## [PROMPT]
Everything in the data must be repeated exactly, apart from the pictures, which are left out.

## [SUPPLIED INFORMATION]
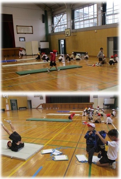 11月25日 マットあそび(1年生) 公開日 2025/11/25 更新日 2025/11/25 1年生 今まで練習してきた成果を発表しました。マットの上で、いろいろな転がり方や技ができるようになりましたね。
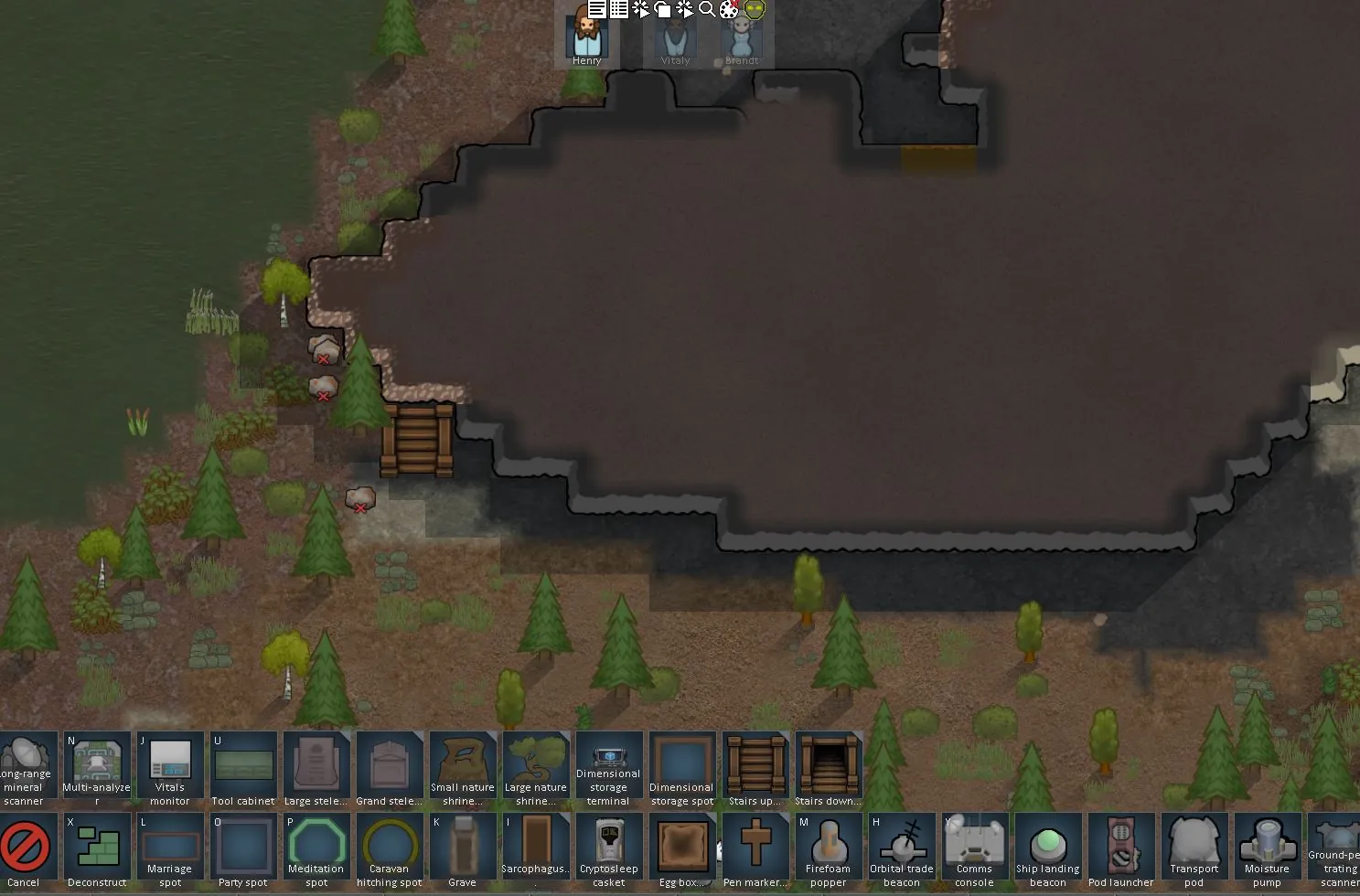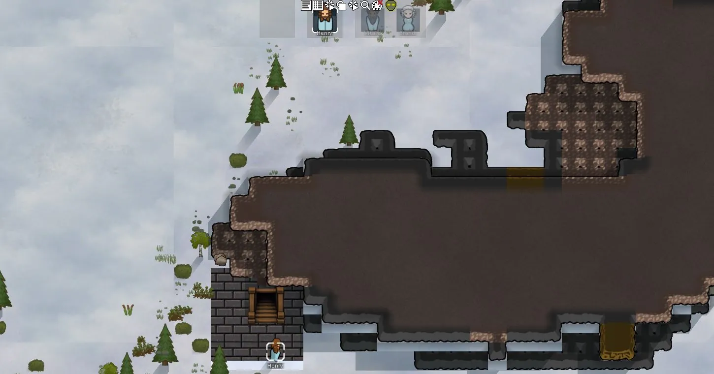 • Upper floors and underground levels per map tile. Build stairs (up/down) to move pawns between levels; stairs can be built with wood, stone, or metal.
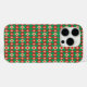 A phone case featuring a vibrant geometric pattern of red, green, and white diamonds and triangles. The design feels festive and lively.

## [OUTPUT BELOW]
 11月25日 マットあそび(1年生) 公開日 2025/11/25 更新日 2025/11/25 1年生 今まで練習してきた成果を発表しました。マットの上で、いろいろな転がり方や技ができるようになりましたね。
 • Upper floors and underground levels per map tile. Build stairs (up/down) to move pawns between levels; stairs can be built with wood, stone, or metal.
 A phone case featuring a vibrant geometric pattern of red, green, and white diamonds and triangles. The design feels festive and lively.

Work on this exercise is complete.